In humans, the potential effect of CMV-infection on a heterologous immune response is mainly studied in the context of influenza vaccination. Seasonal influenza vaccination is an effective means to prevent influenza infection [
16‐
18]. However, effectiveness of influenza vaccination decreases with age, leaving older adults exposed to an increased risk of influenza infection [
1]. In older adults, influenza infection more often leads to disease-related hospitalization, complications and mortality [
17,
19‐
21]. Influenza vaccines are primarily focused on eliciting a strain-specific antibody response. Antibodies are important as they give rise to so-called sterilizing immunity; the immune status where the host immune response effectively blocks virus infection. The most widely used method to measure strain-specific influenza titers is the hemagglutination-inhibition (HI) assay, which reflects the ability of specific antibodies to bind influenza virus and inhibit viral agglutination of red blood cells [
22,
23]. European medicine agency guidelines describe the analysis and presentation of influenza antibody data for development of influenza vaccines [
24], stating as a minimum requirement that geometric mean titers (GMTs) (with 95% confidence intervals) and pre-/post-vaccination ratios (GMR), and response rates should be reported.

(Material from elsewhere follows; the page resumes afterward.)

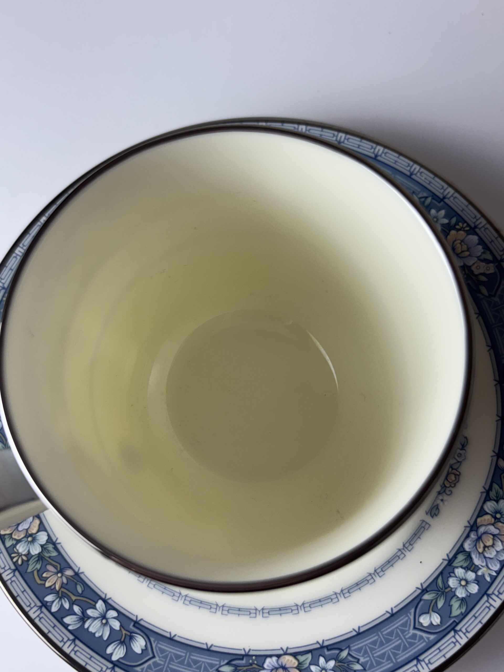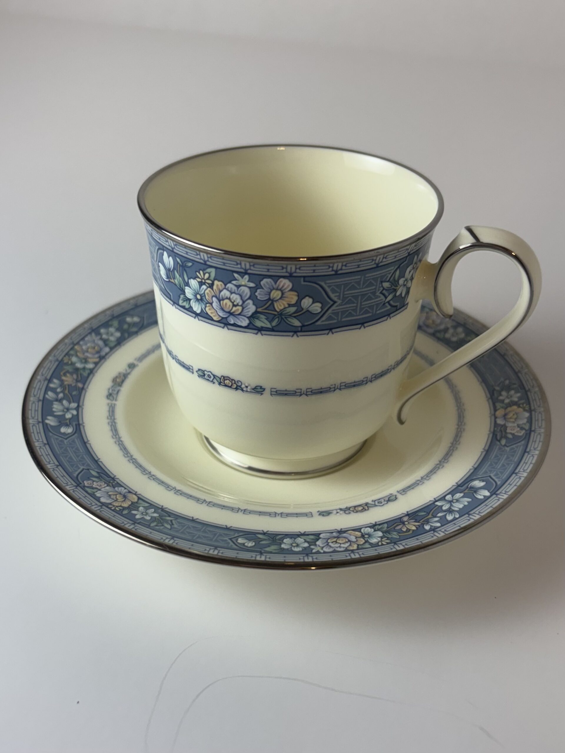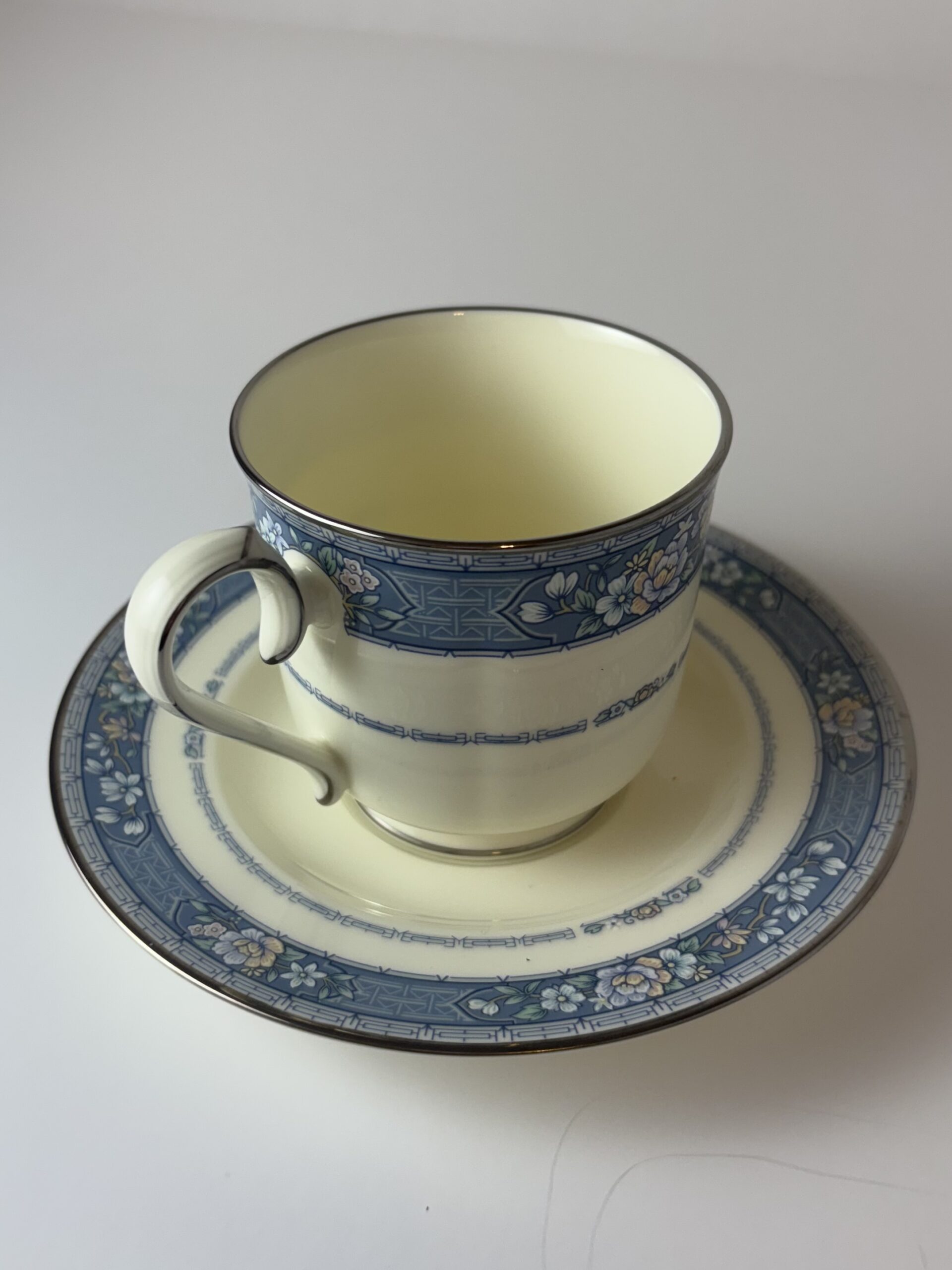 Vintage Noritake bone china in the Randolph pattern (Japan)—soft ivory with that perfectly detailed blue floral band and the prettiest little silver rim. It’s classic without being stuffy… delicate, but not afraid to be used.

Clarification of the effect of CMV on influenza vaccine responses is of high importance. The current suboptimal immune response to influenza vaccination in elderly will become an increasingly large problem. By 2050, the population of older persons (defined by the United Nations as those aged 60 years and above) is expected to double in size compared to 2015. With an increasing life expectancy, the group of elderly at high-risk for influenza complications will increase quickly and contribute to the rising challenges of public health. As latent CMV infection is highly frequent in the population, it is critical to elucidate whether CMV infection influences influenza vaccination responses, to be able to optimize vaccine strategies in the population.

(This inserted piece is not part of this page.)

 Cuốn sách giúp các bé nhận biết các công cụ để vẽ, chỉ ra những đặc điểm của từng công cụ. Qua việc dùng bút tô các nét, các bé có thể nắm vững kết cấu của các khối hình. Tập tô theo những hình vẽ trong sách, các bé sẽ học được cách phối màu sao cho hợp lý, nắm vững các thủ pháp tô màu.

Several studies investigated the effect of CMV infection on immune responses induced by influenza vaccination. The first study by Trzonkowski et al. reported a negative association between CMV-infection and the response to influenza vaccination [
25]. Some studies confirmed this result [
26], but others did not find an effect of CMV infection on the influenza vaccine response [
27]. In contrast, Furman et al. reported a positive effect of CMV infection on the immune response to influenza vaccination in adults [
28]. To date, no consensus of the effect of latent CMV infection on the antibody response to influenza vaccination has been reached [
4,
29,
30].
Here, we systematically reviewed studies on the effect of CMV infection on the antibody response to influenza vaccination in healthy individuals. The process of systematic reviewing the available evidence in literature was reported in line with the PRISMA criteria (Preferred Reporting Items for Systematic Reviews and Meta-Analyses) [
31]. We extracted three standardized outcome variables of 17 studies, in line with European Medicine Agency (EMA) [
24] and Food and Drug Administration (FDA) guidelines [
32]. Summarizing all extracted data on GMR to influenza vaccination revealed no clear difference between CMV-seropositive and CMV-seronegative individuals. In a meta-analysis, a small (but non-significant) trend was observed that CMV-seropositive participants responded less often to influenza vaccination than CMV-seronegative individuals. We show that this effect is likely explained by publication bias. In addition, we summarized reports on a possible correlation between CMV antibody titers and influenza antibody titers, which showed weak negative correlations between the two. Together, these analyses provide no unequivocal evidence that latent CMV infection affects the influenza antibody response to vaccination.
Discussion
This is the first systematic review investigating the association between latent CMV infection and the immune response to influenza vaccination. Almost two decades ago, CMV was associated with “immunosenescence” [
58]. Since then, multiple studies on CMV-induced immunosenescence have been performed. The idea that CMV decreases the ability of the immune system to respond to other pathogens or vaccination [
59,
60] is mainly based on studies investigating the influenza vaccine response [
61]. Indeed, various studies reported a negative association between latent CMV infection and influenza vaccine responses, while other studies lacked to find an effect of CMV or even reported a positive effect of CMV. Thus, consensus on the effect of CMV is lacking. Nevertheless, an effect of CMV on the influenza vaccine response in the elderly is generally assumed [
29,
61,
62]. By systematically reviewing and integrating the available studies, we here show that there is no unequivocal evidence for an impact of CMV on the influenza vaccine response.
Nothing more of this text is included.